McDonald’s to move toward stall-free U.S. pork

U.S. suppliers of pork to fast-food giant McDonald’s have been given four months to present plans to phase out the use of sow gestation stalls in their hog barns.

“McDonald’s believes gestation stalls are not a sustainable production system for the future,” Dan Gorsky, the senior vice-president of North America supply chain management for the Illinois-based company, said in a release Monday. “There are alternatives that we think are better for the welfare of sows.”

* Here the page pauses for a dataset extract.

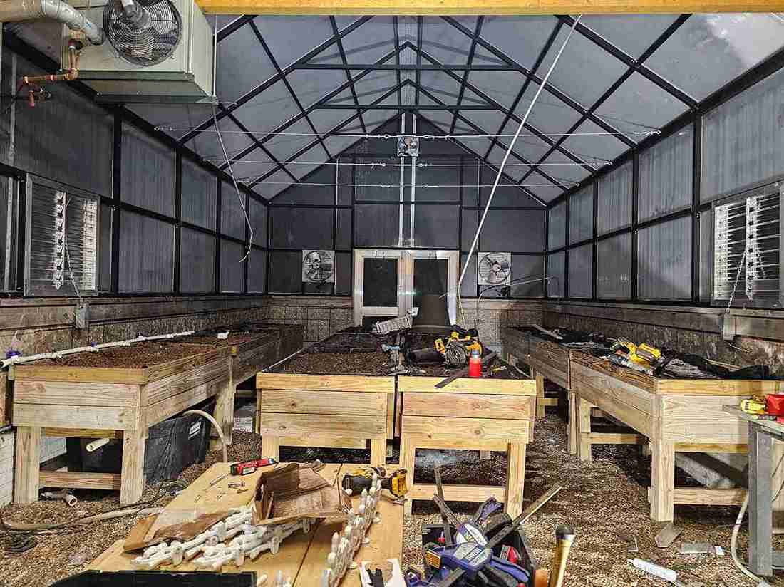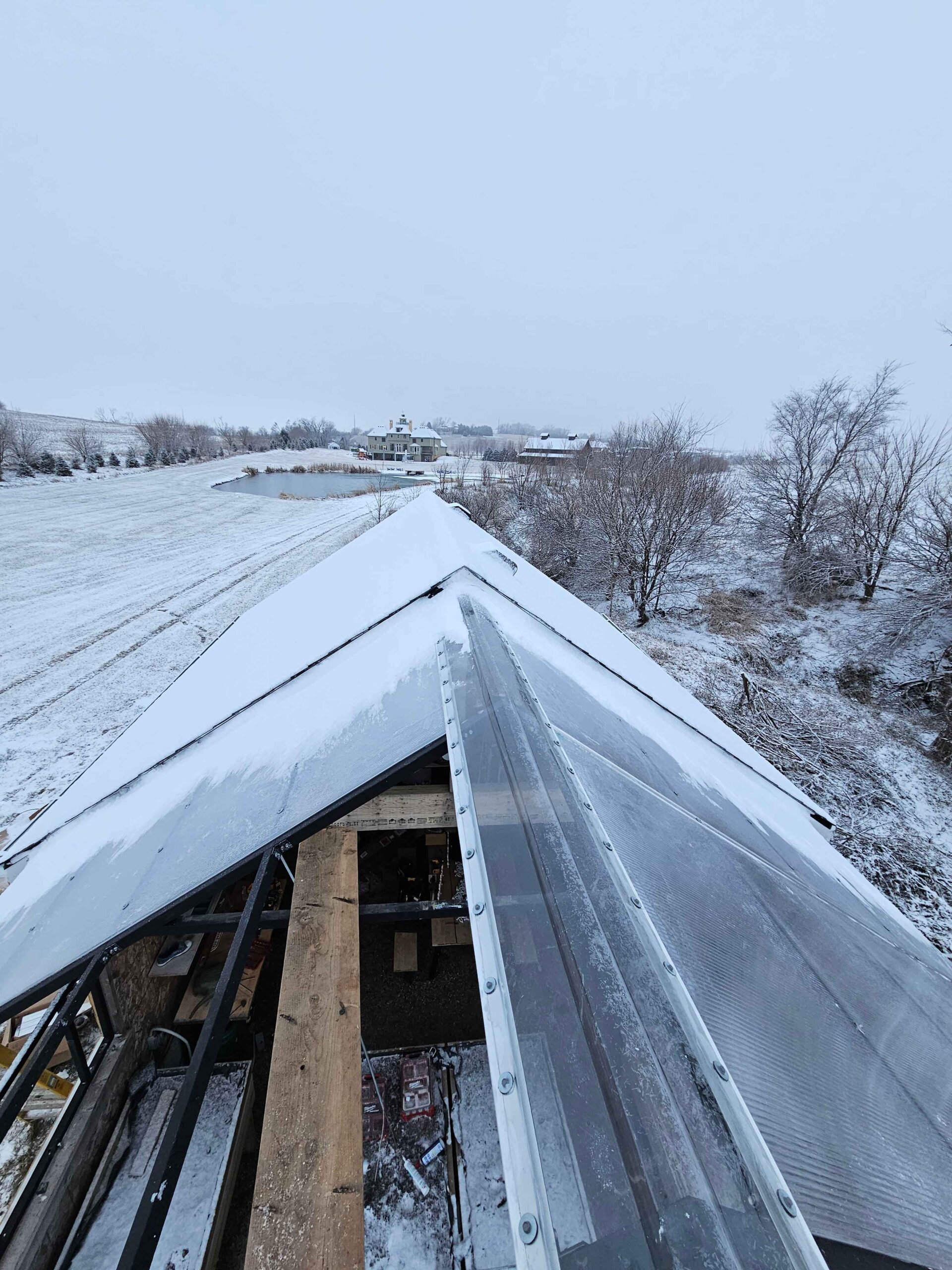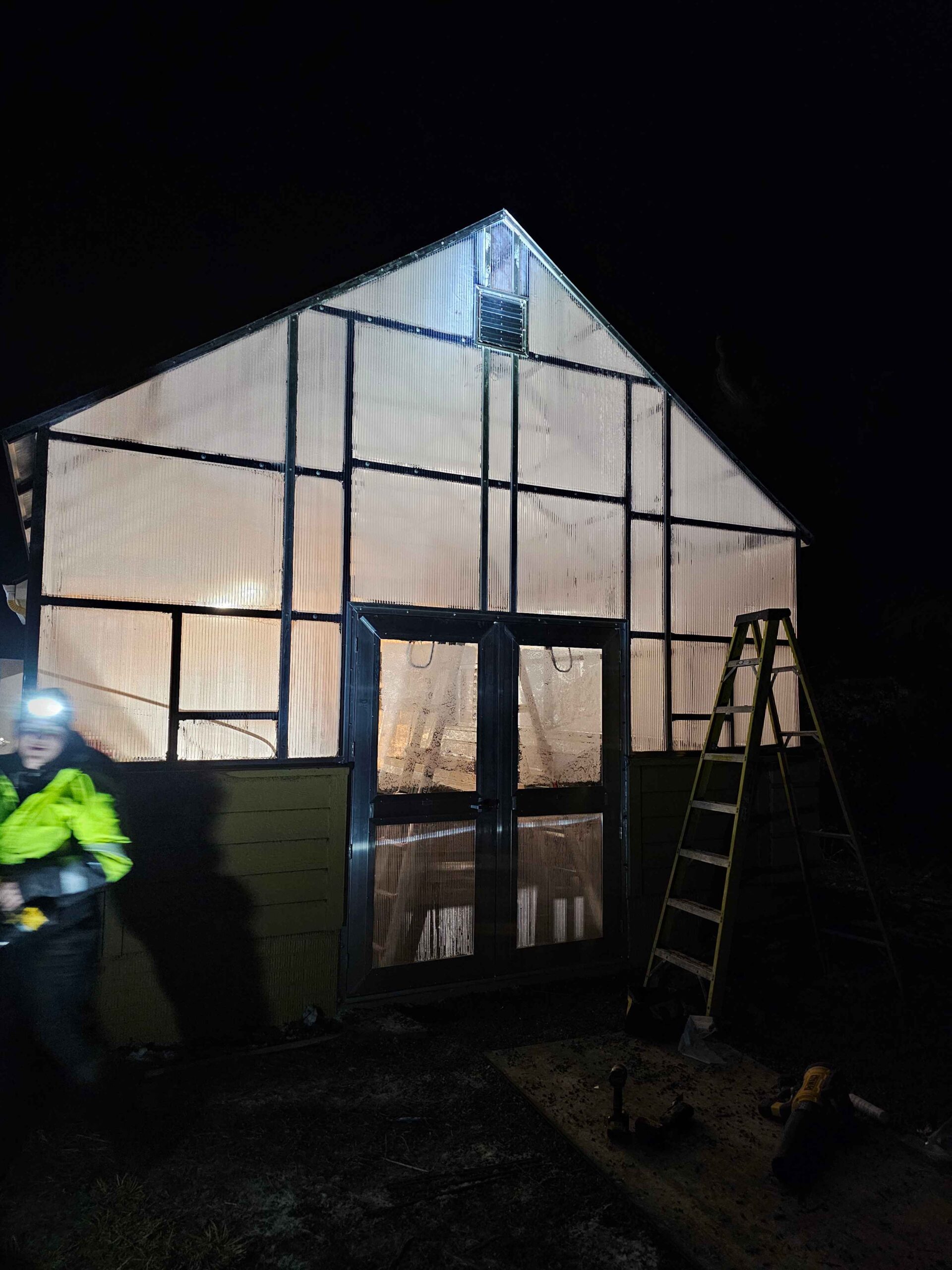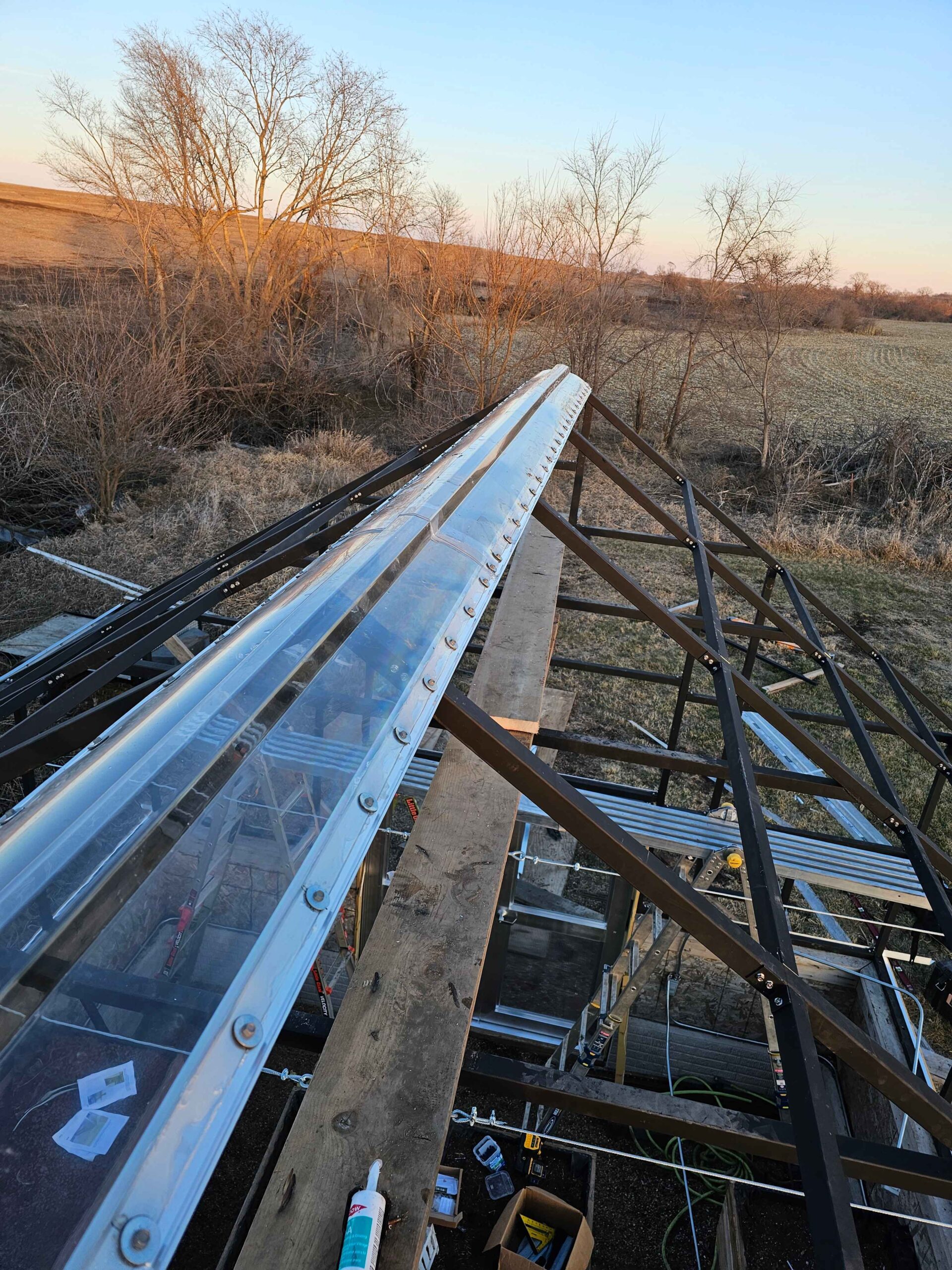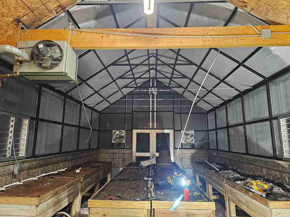 In a small development in Bennington, the tornado damaged homes and destroyed a small greenhouse attached to an outbuilding. The contractor in charge of repairing the home on this property contacted Quality Structures to rebuild the greenhouse. Due to the non-standard size, and the need to match the profile of the existing building, Quality Structures built the greenhouse from scratch, pre-fabricating and welding the walls and trusses off-site. The roof is sheeted in polycarbonate while the sidewalls are sheeted in twin-wall acrylic panels for increased light transmission. Finishing off the build is a beautiful aluminum double hung door from HC Quality Doors

McDonald’s, he said, is “beginning an assessment with our U.S. suppliers to determine how to build on the work already underway to reach that goal. In May, after receiving our suppliers’ plans, we’ll share results from the assessment and our next steps.”

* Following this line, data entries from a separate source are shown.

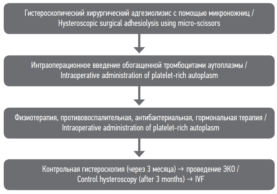 Методика АОТ-терапии: забор 400,0 мл цельной крови → центрифугирование → с помощью плазмоэкстрактора отбор плазмы и тромбоцитов → центрифугирование → отбор концентрированных тромбоцитов (0,55–0,70 · 1011 в 50 мл) → хранение в специальном контейнере при температуре 20–24 °С (до 5 дней). Интраоперационно (при проведении гистероскопии) ОАТ в объеме 20 мл с помощью полужесткой иглы субэндометриально вводится в 14 точек стенок полости матки (0,2 мл на вкол), с последующим орошением 15 мл ОАТ полости матки.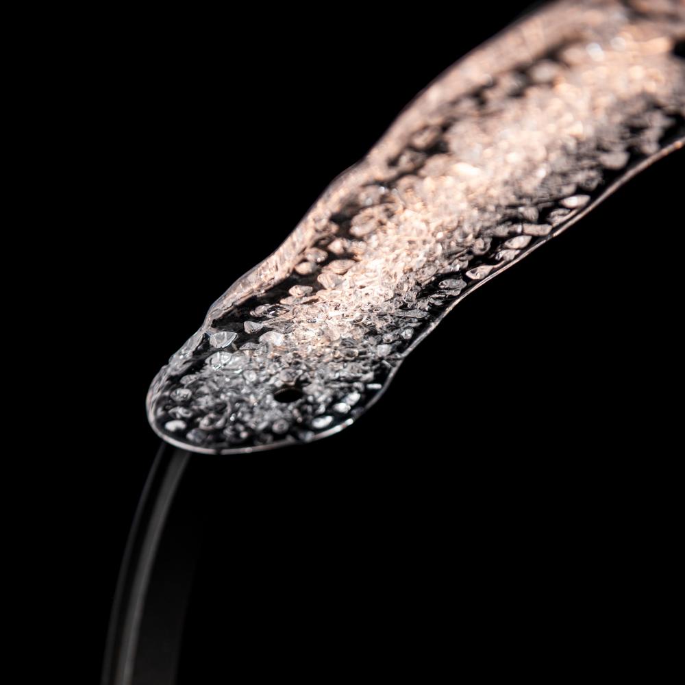 Inspiration for the Glissade struck designer Andy Morter as he was walking across an icy midwestern pond. “[The jagged edges of the ice] were unlike anything else I’d seen in nature. There’s something raw and beautiful in that contrast—sharp yet serene, delicate yet strong.” With its gracefully curved steel arm and base dimmer, this table lamp does double work as both a decorative and task light.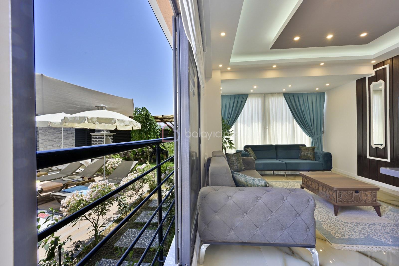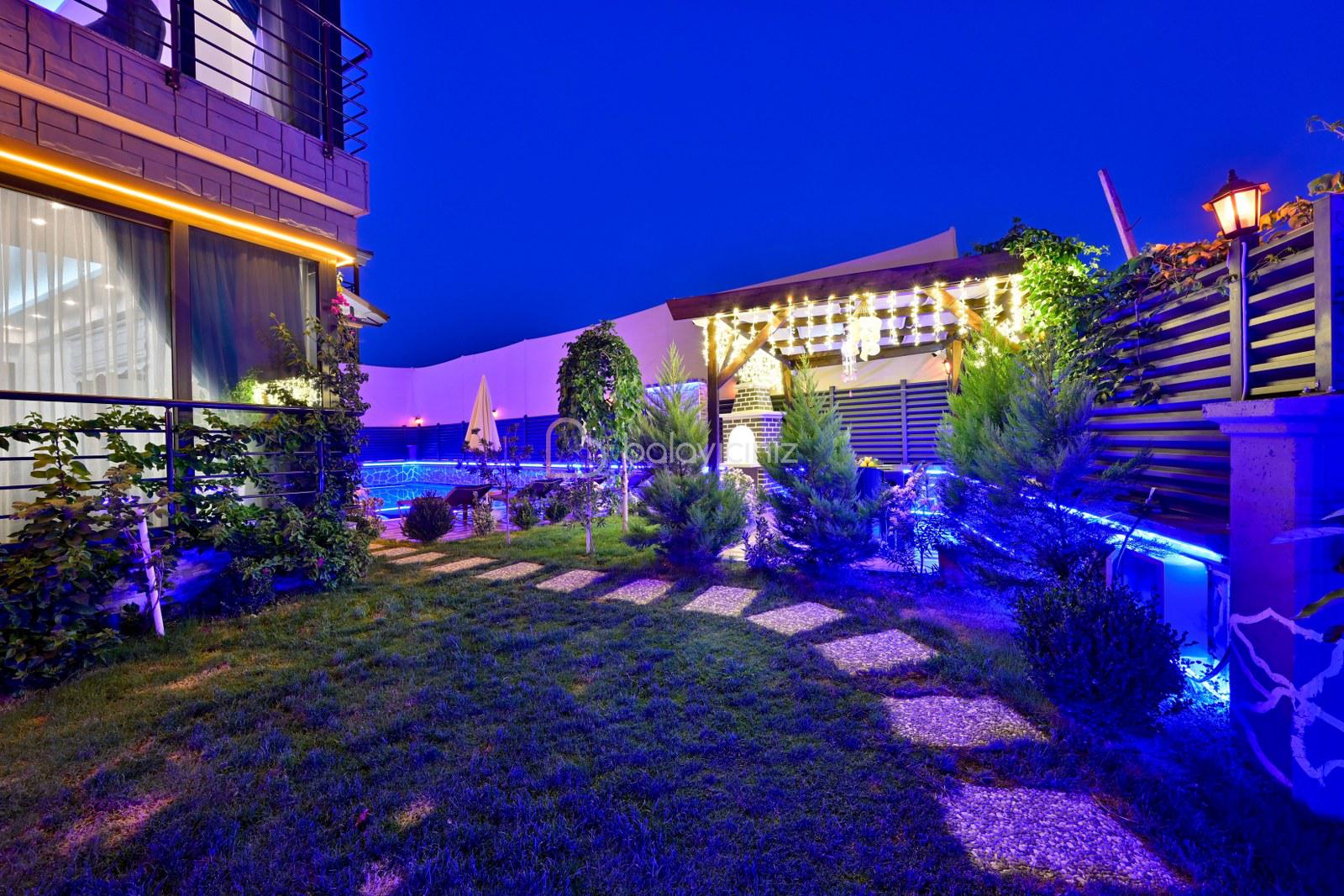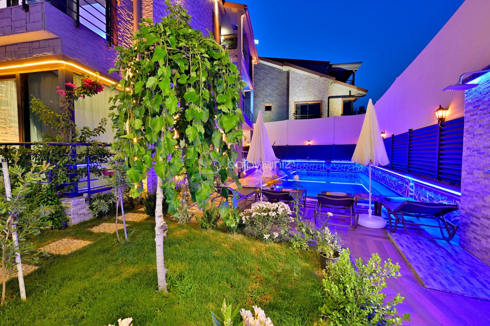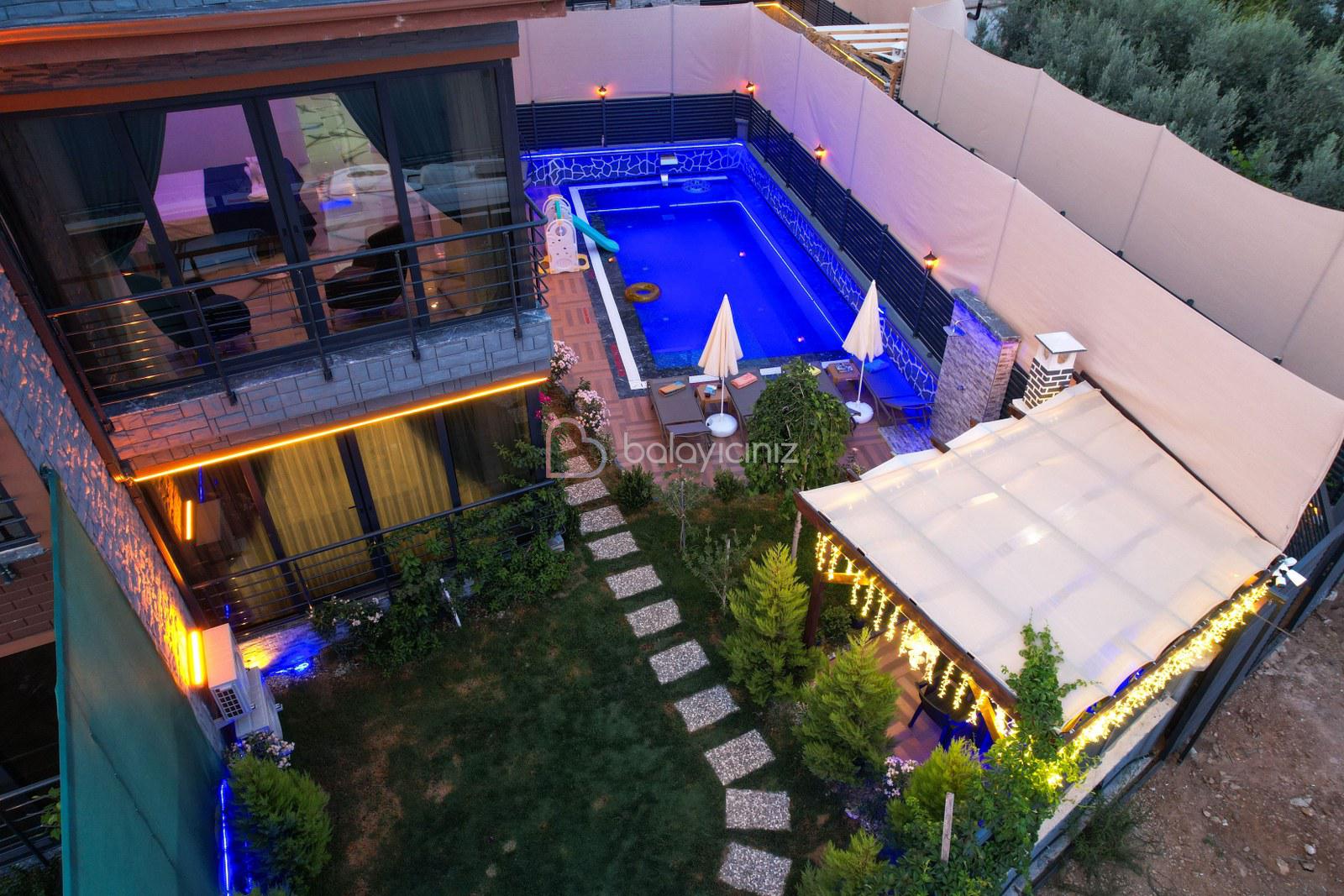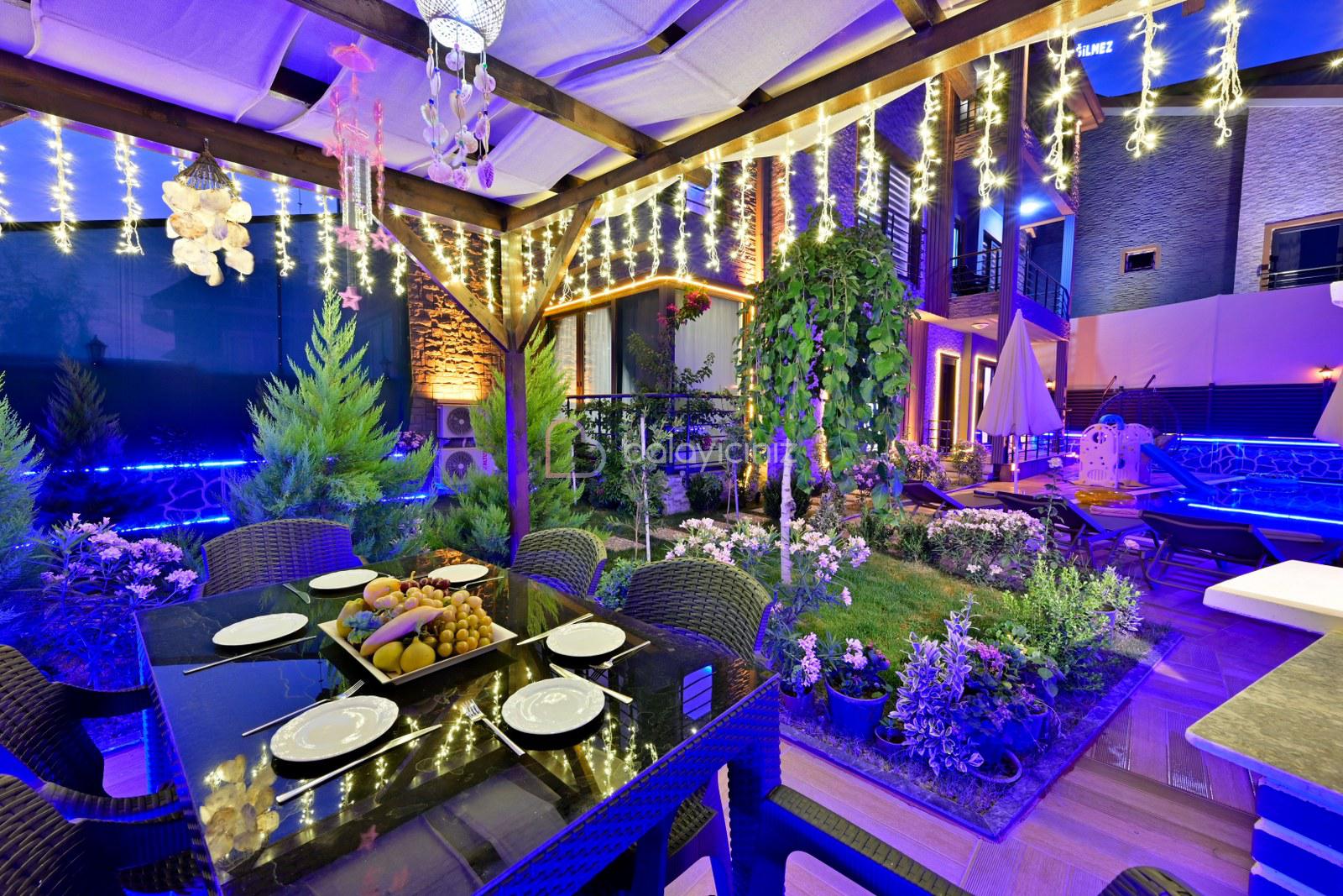 Havuz terasında özel yüzme havuzu, şezlonglar, güneş şemsiyesi, bahçe oturma grubu, salıncak bulunmaktadır.

Several of the company’s U.S. suppliers are already in the process of adopting “commercially viable alternatives” for penning of gestating sows, he added, naming Cargill and Smithfield Foods as examples of companies making “significant progress in this area.”

It’s not yet known how or if the parent company’s move would affect the pork supply chain for McDonald’s Canadian arm. A call to its head office in Toronto was not immediately returned Monday.

Canadian pork processors such as Maple Leaf Foods have made similar moves, as have organizations such as the Manitoba Pork Council, which last year pledged to eliminate such stalls in the province’s hog barns in the next 15 years.